La question générale du colloque pourrait finalement être la suivante : s'il est admis que le vingtième siècle a été celui de la féminisation des sociétés occidentales 5, qu'en a-t-il été, dans sa seconde moitié, de la féminisation des mouvements revendicatifs et grévistes ? Sous quelles formes, avec quels apports, avec quelles limites ? A partir de ces éléments, quels enseignements pouvons-nous en tirer pour le XXI e siècle et peut-on avancer l'idée d'une promesse de renouveau ?

La dimension internationale des contributions est vivement encouragée. La confrontation de la situation française avec d'autres expériences est en effet l'une des clefs de compréhension de la question des femmes dans l'action militante telle que nous l'avons circonscrite et de ses éventuelles spécificités nationales. Le regard de chercheurs étrangers sur l'une ou l'autre des pistes de réflexion esquissées dans cet appel à proposition sera également utile, de façon à apporter de nouveaux éléments de problématisation. L'anglais et le français sont les deux langues dans laquelle les textes pourront être soumis. Pour faciliter les échanges lors du colloque, les présentations orales en anglais seront traduites simultanément en français.

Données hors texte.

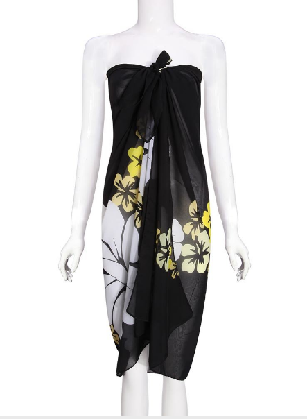 Black Pearl Wrapped Printing Chiffon Slip Beach Towels Belt Dress
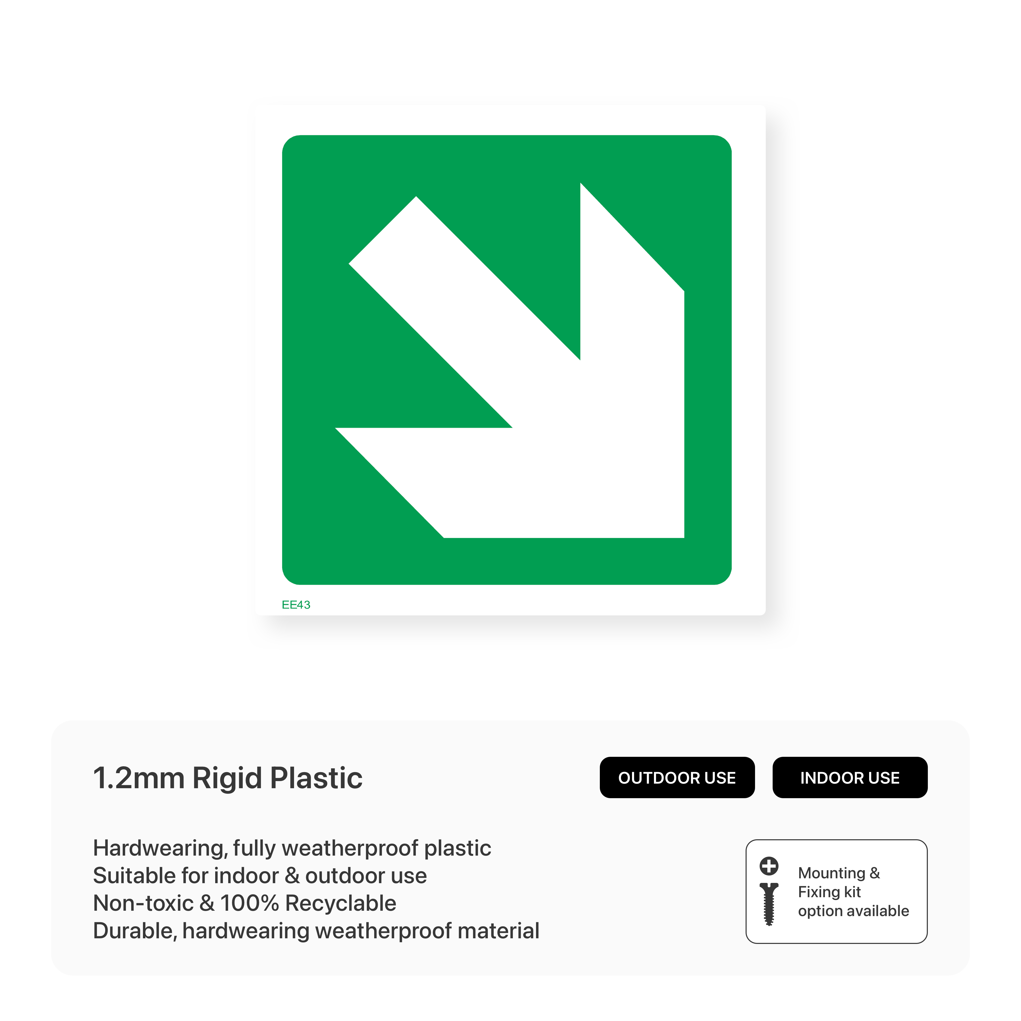 Guide individuals with our "Green arrow - Right down" sign. This directional sign clearly indicates the path to follow, ensuring easy navigation and preventing confusion in complex environments.

A côté de conférences plénières, l'organisation du colloque en ateliers devrait permettre d'approfondir différentes thématiques et de proposer des études précises dans un certain nombre de domaines. Dès lors qu'elles répondent aux objectifs du colloque, les contributions des militants syndicaux sont évidemment les bienvenues.

Une publication des actes est prévue, selon un calendrier et des modalités qui seront précisés ultérieurement.

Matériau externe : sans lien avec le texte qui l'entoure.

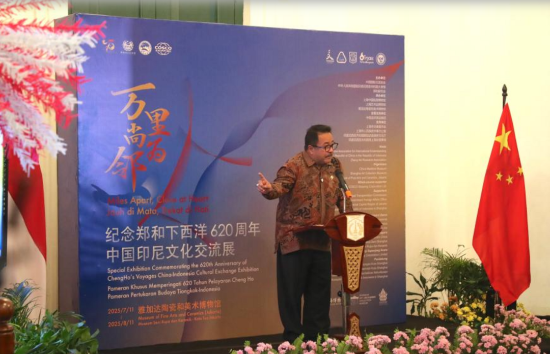 中国驻印尼大使馆公使周侃在开幕式上致辞说,2025年是郑和首次下西洋620周年,也是中国与印尼建交75周年、万隆会议举行70周年。在此历史时刻举办本次展览,不仅是对两国悠久交往历史的致敬,更是对和平发展理念的传承与弘扬,体现了中印尼双方在新时代推动文明互鉴、深化人文交流的共同愿望。
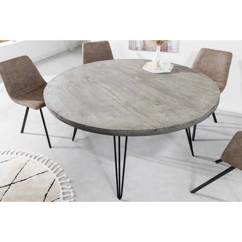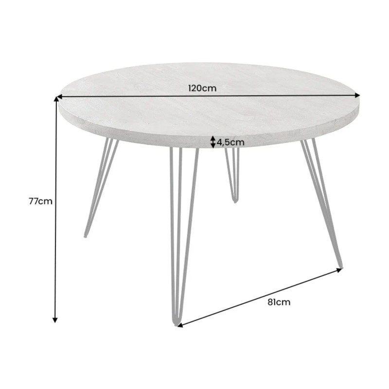 Avec son diamètre de 120 cm, la SILVA accueille confortablement jusqu’à 4 personnes. Le bois de manguier massif apporte une texture naturelle et chaleureuse, tandis que les pieds en métal noir renforcent son esprit industriel. Sa distance entre les pieds de 81 cm assure une bonne stabilité tout en laissant une place généreuse pour les jambes.
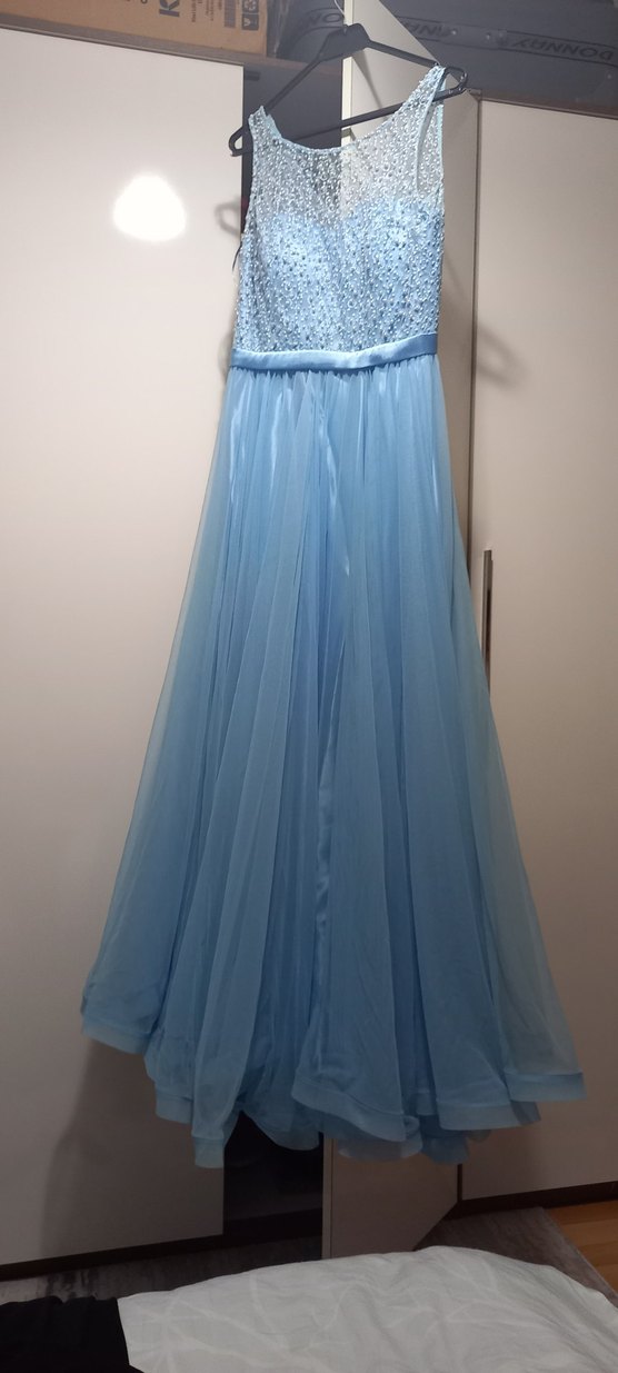 Fitted kesim, straplez ve drapeli pastel mavi etekli, payetli üst kısmı ile düğün ve özel günlere uygun abiye elbise.
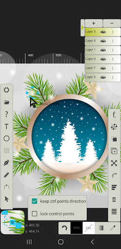 Menentukan setiap kurva menggunakan 2 titik kontrol dan titik asal dan tujuan, menggeser jari pada layar.
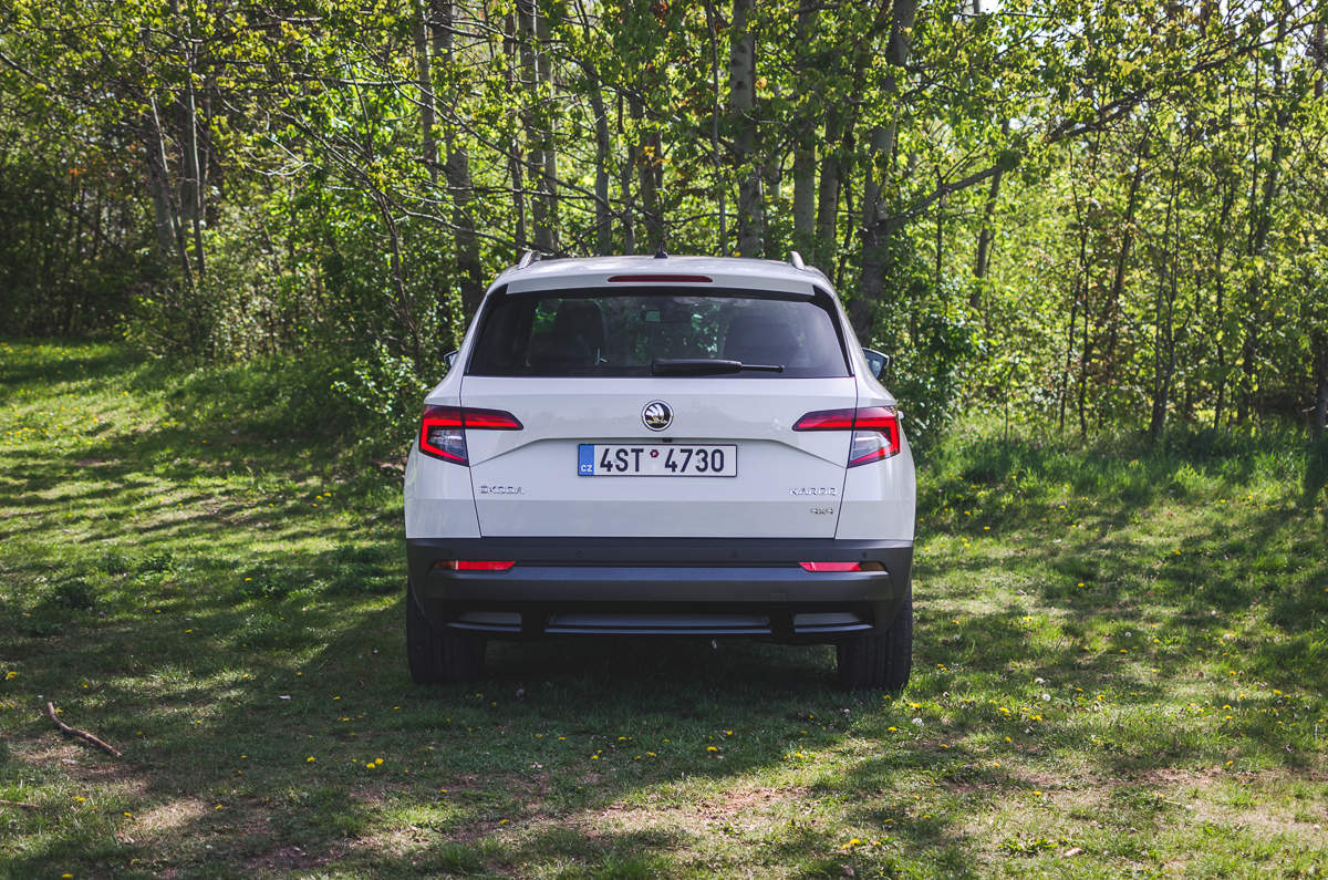 Sáhodlouhé popisování exteriéru není úplně na místě. Všichni jsme Karoq určitě někdy viděli. Je to něco jako Kodiaq, ale menší. A levnější. Nejspíš nejvíc je to vidět na zadních světlech, která má Kodiaq větší. Karoq je ale má takové… zdrclé? Zadání designérovi bylo jasné, udělat menší a laciněji vypadající. Povedlo se, vypadá to tak. Jinak ale není moc co vytknout. Ani v čisté bílé Karoq neurazí, nicméně moji maličkost ani nenadchne.

Orientations thématiques :

- Grèves de femmes, femmes en grève : panorama sociologique et historique.

- Le genre dans les conflits du travail : une perspective heuristique ?

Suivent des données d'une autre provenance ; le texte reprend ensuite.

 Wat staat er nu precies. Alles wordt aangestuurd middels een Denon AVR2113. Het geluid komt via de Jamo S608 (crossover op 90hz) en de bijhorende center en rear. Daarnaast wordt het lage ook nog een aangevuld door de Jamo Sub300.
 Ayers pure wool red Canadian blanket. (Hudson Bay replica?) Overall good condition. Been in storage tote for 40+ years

- Conditions d'emploi et de travail des femmes : quel espace pour l'engagement ?

- Vie privée / vie militante / vie professionnelle : quelle articulation des temps sociaux ?

- Travail des femmes, engagement des femmes : évolution du discours syndical.

- Métiers féminins, militantisme à caractère masculin ? / Emergence d'espaces revendicatifs féminins dans des bastions masculins ?

- Modalités d'organisation et d'action : les coordinations de salariées.

- L'accès aux responsabilités syndicales : quel partage de s genre s  ?

- Le renouvellement des pratiques militantes dans les organisations.

- Engagements syndicaux et engagements féministes : chemins croisés ?

- Le secteur éducatif : un espace militant féminisé ?

- Femmes, salariées, migrantes : des luttes invisibles ?

- Biographies, parcours militants.

 

NB : Les résumés des propositions de contributions (d'une longueur de 5000 signes maximum espaces compris) doivent parvenir aux organisateurs par voie électronique pour le 30 juin 2007 délai de rigueur, à l'aide du formulaire. Ils contiendront impérativement un titre, une orientation problématique, une mention des sources ou des terrains utilisés.

 

1 Voir conditions ci-dessous.

2 LALLEMENT (Michel), « Quelques remarques à propos de la place du genre dans la sociologie du travail en France » in LAUFER (Jacqueline), MAURY (Catherine), MARUANI (Margaret), dir, Le travail du genre, Les sciences sociales du travail à l'épreuve des différences de sexe , Paris, La Découverte, Coll. « Recherches », 2003, pp. 123-137

3 KERGOAT (Danièle), IMBERT (Françoise), LE DOARE (Hélène), SENOTIER (Danièle), Les infirmières et leur coordination (1988-1989), Paris, Lamarre, 1992 ; HEINEN (Jacqueline), TRAT (Josette), coord. « Hommes et femmes dans le mouvement social », Cahiers du Gedisst , 1997, n° 18, 187 p., PUECH (Isabelle), « Le temps du remue-ménage. Conditions d'emploi et de travail des femmes de chambre », Sociologie du Travail , 46, 2004, pp. 150-167 ;

4 Outre l'ouvrage cité sur la coordination des infirmières : TRAT (Josette), « La lutte des assistantes sociales : un mouvement de femmes salariées conjugué au masculin » in Les coordinations de travailleurs dans la confrontation sociale , Paris, L'Harmattan, « Futur antérieur », 1994, pp. 103-140

5 « Dix ans plus tard », préface à la nouvelle édition de DUBY (Georges) & PERROT (Michelle), Histoire des femmes en Occident , t. V, THEBAUD (Françoise ), Le XXème siècle , Paris, Perrin, collection Tempus, 2002. Voir aussi ZANCARINI-FOURNEL, (Michelle) (dir.) « Métiers, corporations, syndicalismes », CLIO/Histoire, femmes et sociétés, 1996, n° 3.